◆ **WHAT YOU SHOULD DO**: Starting at the line with "Also, in complete" and ending at the line with "Youth Long Sleeve", print exactly the lines of the entries below. Pictures do not belong in the copy.

◆ **GIVEN ENTRIES**:
--
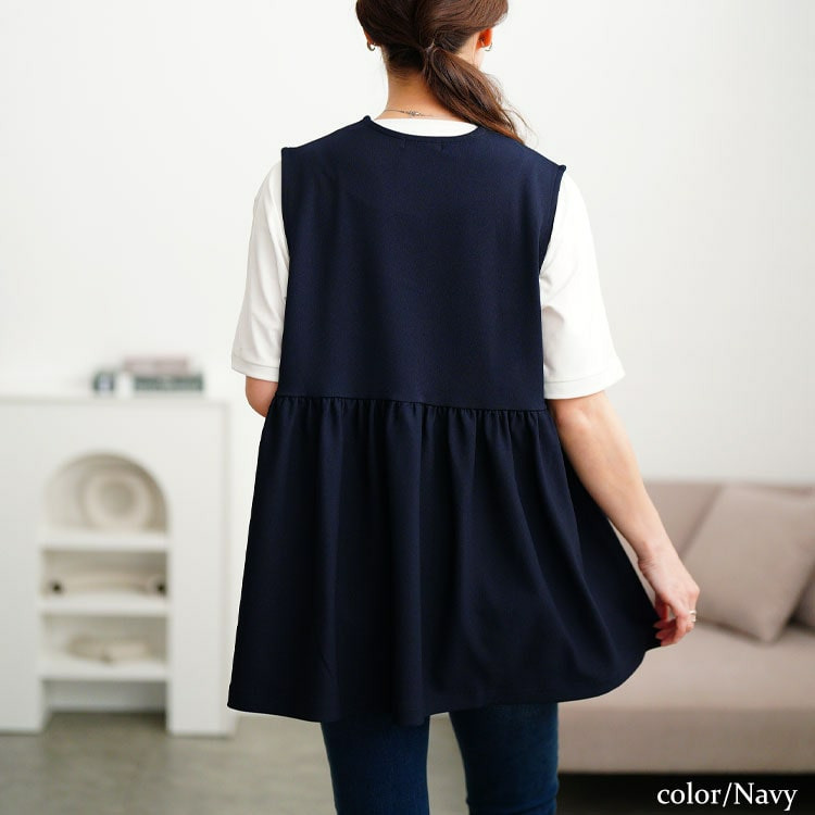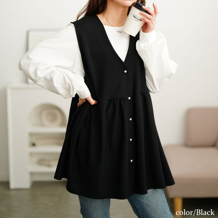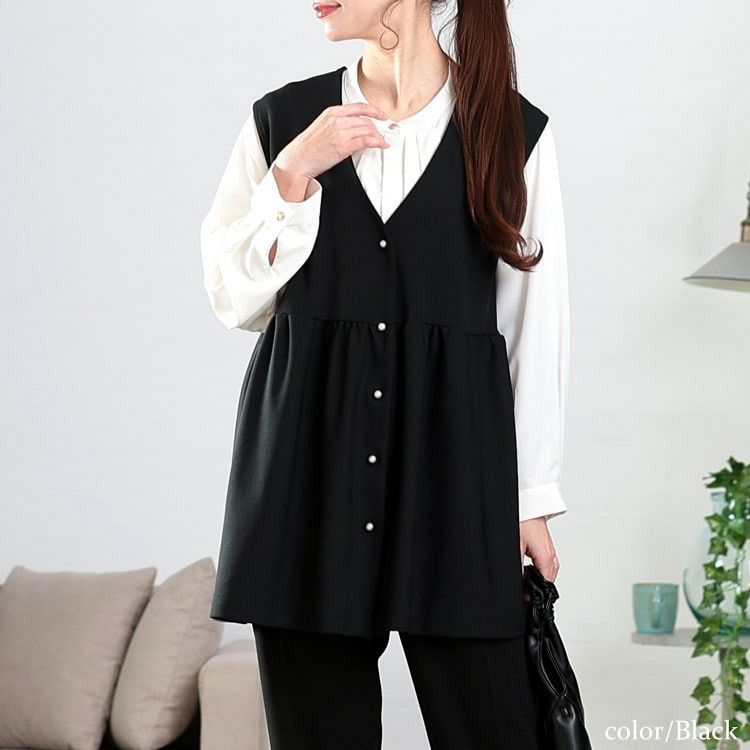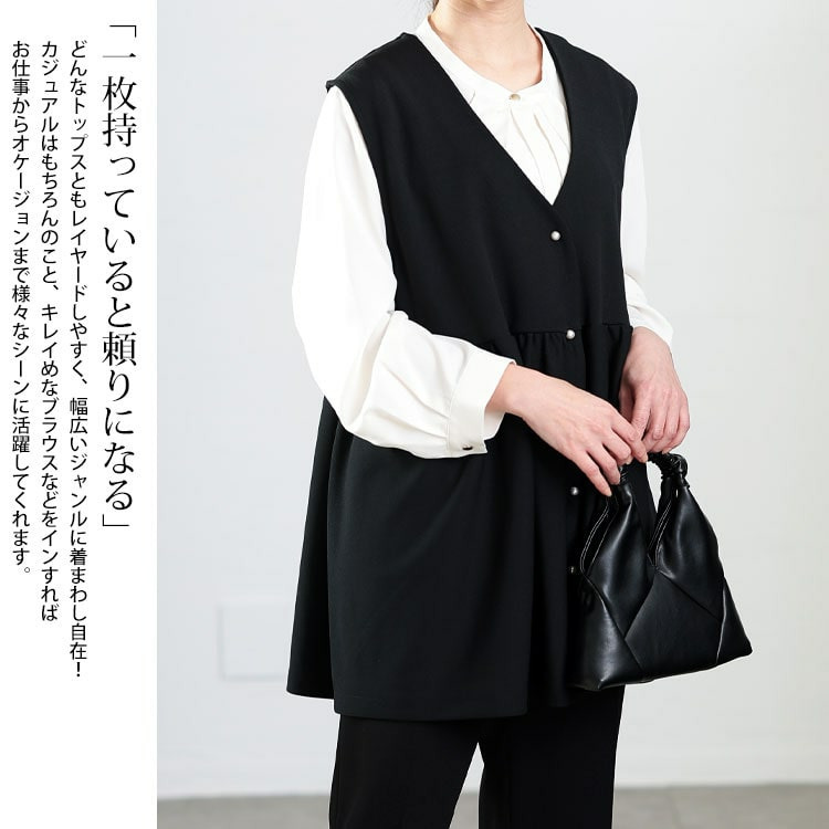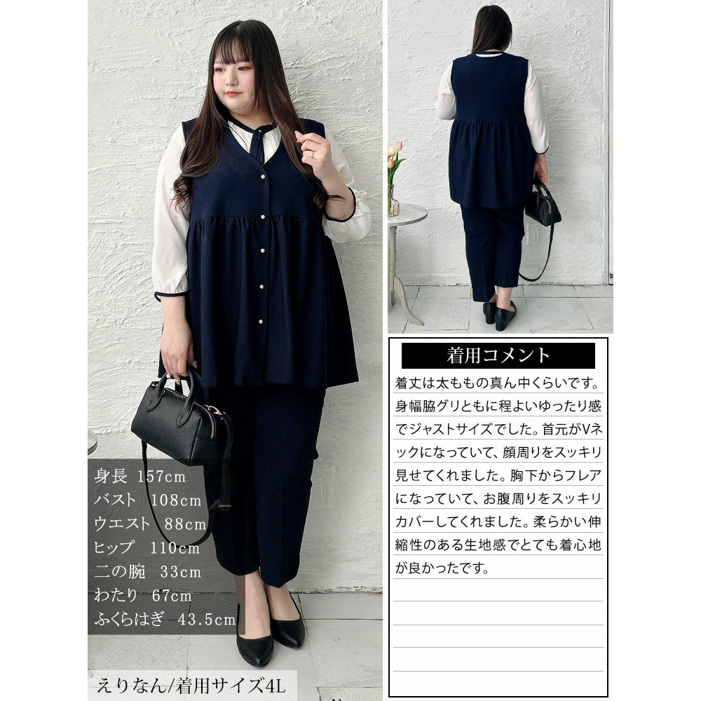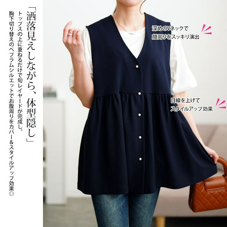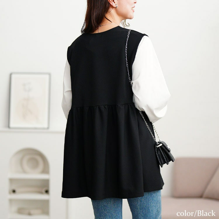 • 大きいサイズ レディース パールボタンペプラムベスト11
--
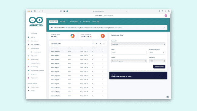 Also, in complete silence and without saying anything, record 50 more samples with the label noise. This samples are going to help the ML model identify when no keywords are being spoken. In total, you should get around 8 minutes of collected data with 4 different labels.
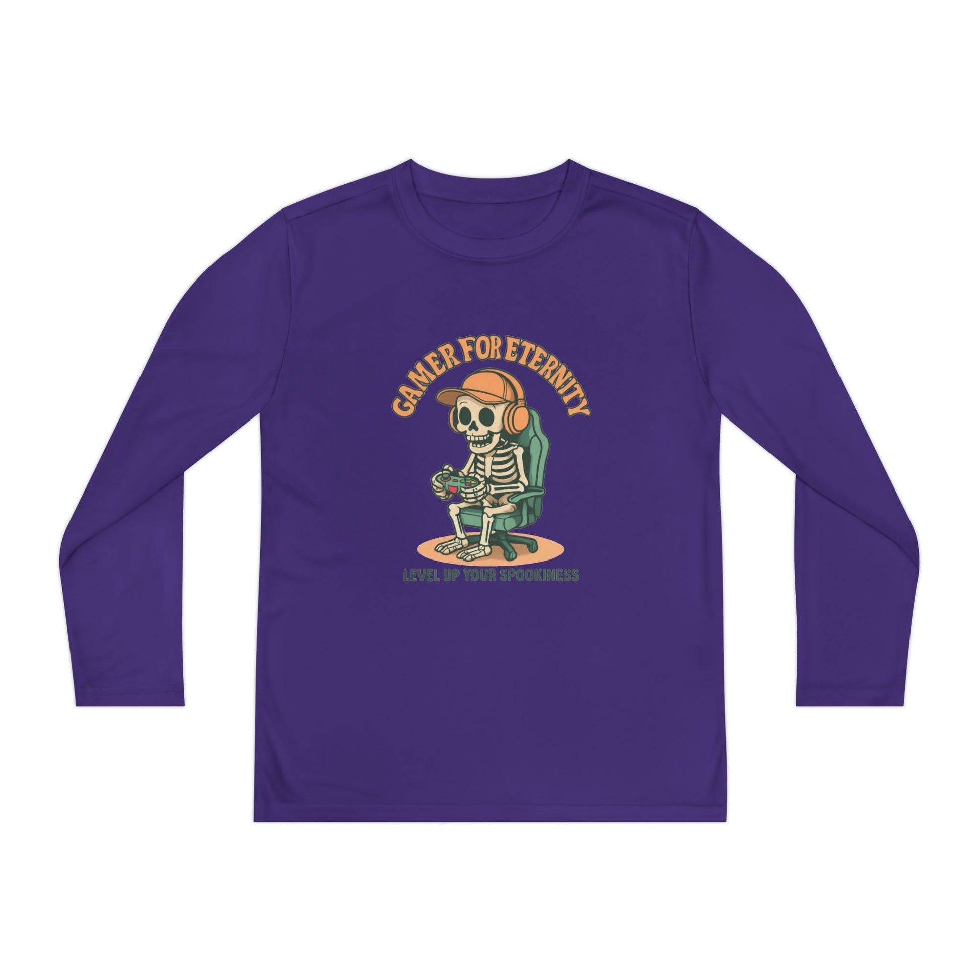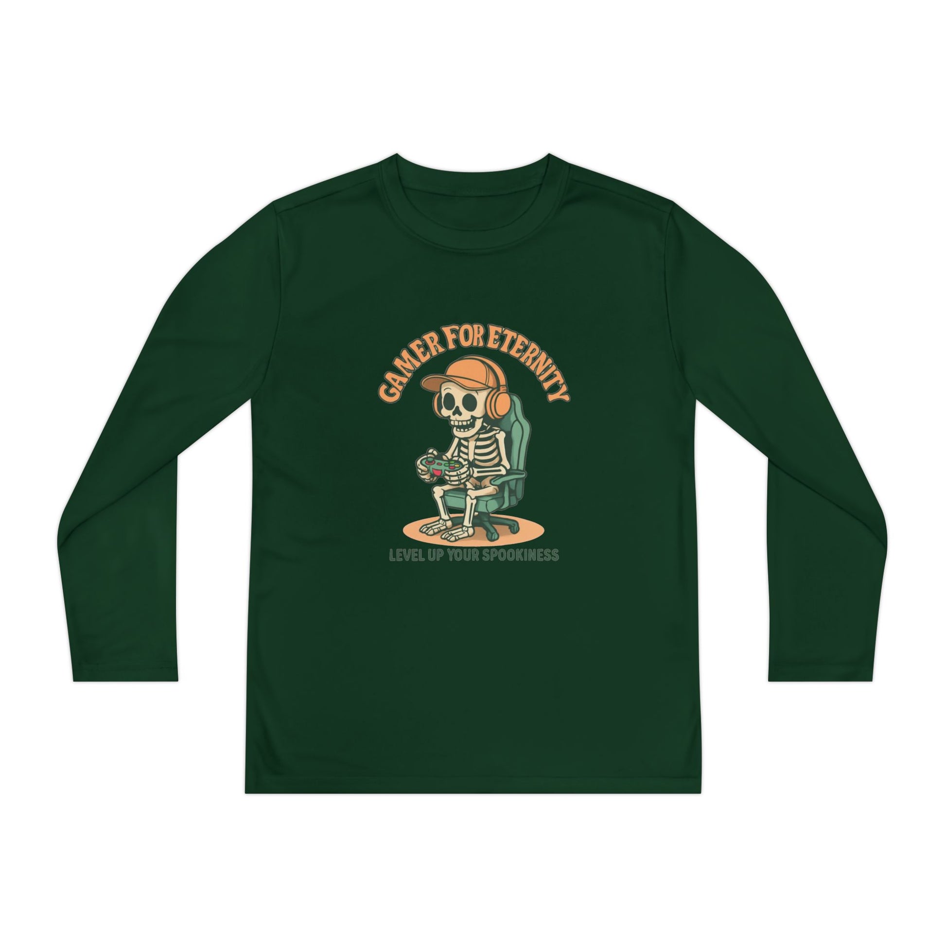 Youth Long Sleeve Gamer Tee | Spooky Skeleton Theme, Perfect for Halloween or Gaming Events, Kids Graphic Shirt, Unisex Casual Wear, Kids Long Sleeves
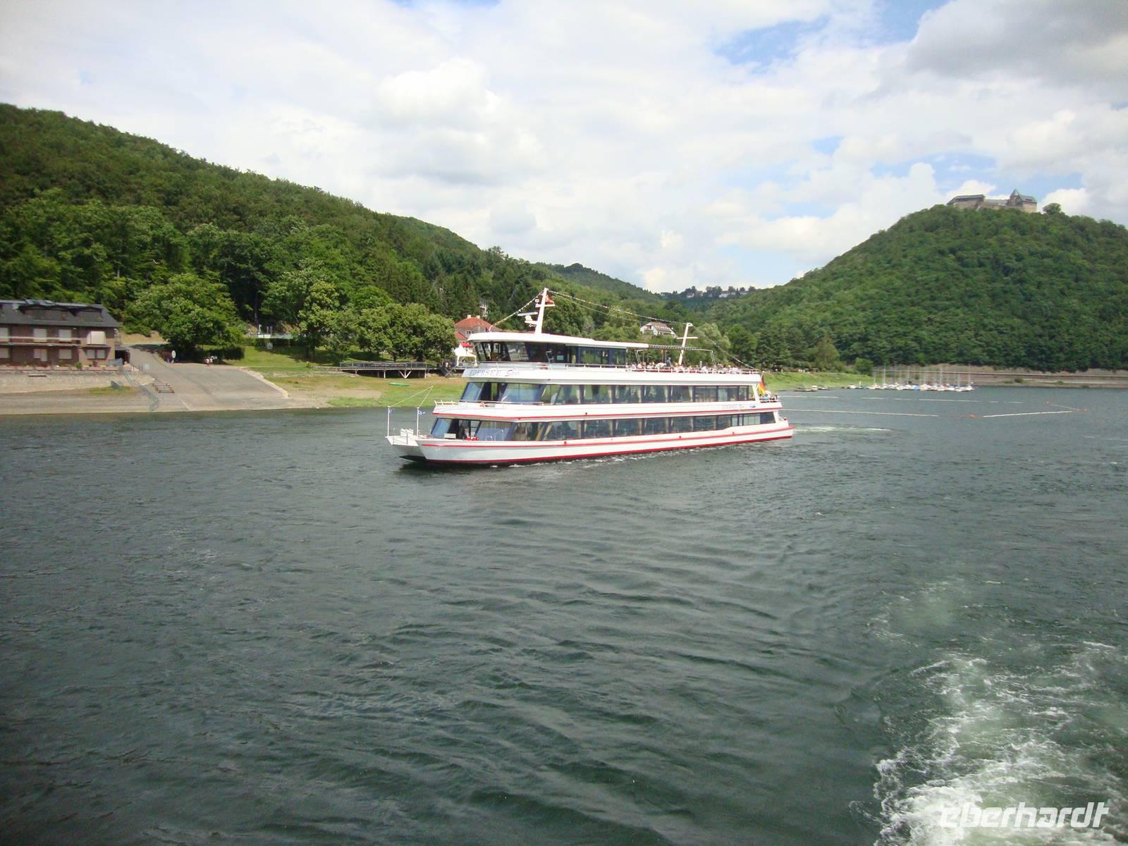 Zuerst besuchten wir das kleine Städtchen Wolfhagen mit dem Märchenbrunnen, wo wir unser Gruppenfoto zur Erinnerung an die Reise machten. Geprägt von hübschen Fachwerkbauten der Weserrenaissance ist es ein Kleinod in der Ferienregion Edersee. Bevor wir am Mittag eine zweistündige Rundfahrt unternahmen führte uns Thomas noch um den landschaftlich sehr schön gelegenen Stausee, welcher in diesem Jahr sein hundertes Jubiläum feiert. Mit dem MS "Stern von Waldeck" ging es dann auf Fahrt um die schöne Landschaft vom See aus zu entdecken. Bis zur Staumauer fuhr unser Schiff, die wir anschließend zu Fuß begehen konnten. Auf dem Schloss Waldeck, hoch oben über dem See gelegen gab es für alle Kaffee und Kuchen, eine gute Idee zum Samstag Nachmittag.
--
◆ **EXERCISE ANSWER**:
 Also, in complete silence and without saying anything, record 50 more samples with the label noise. This samples are going to help the ML model identify when no keywords are being spoken. In total, you should get around 8 minutes of collected data with 4 different labels.
 Youth Long Sleeve Gamer Tee | Spooky Skeleton Theme, Perfect for Halloween or Gaming Events, Kids Graphic Shirt, Unisex Casual Wear, Kids Long Sleeves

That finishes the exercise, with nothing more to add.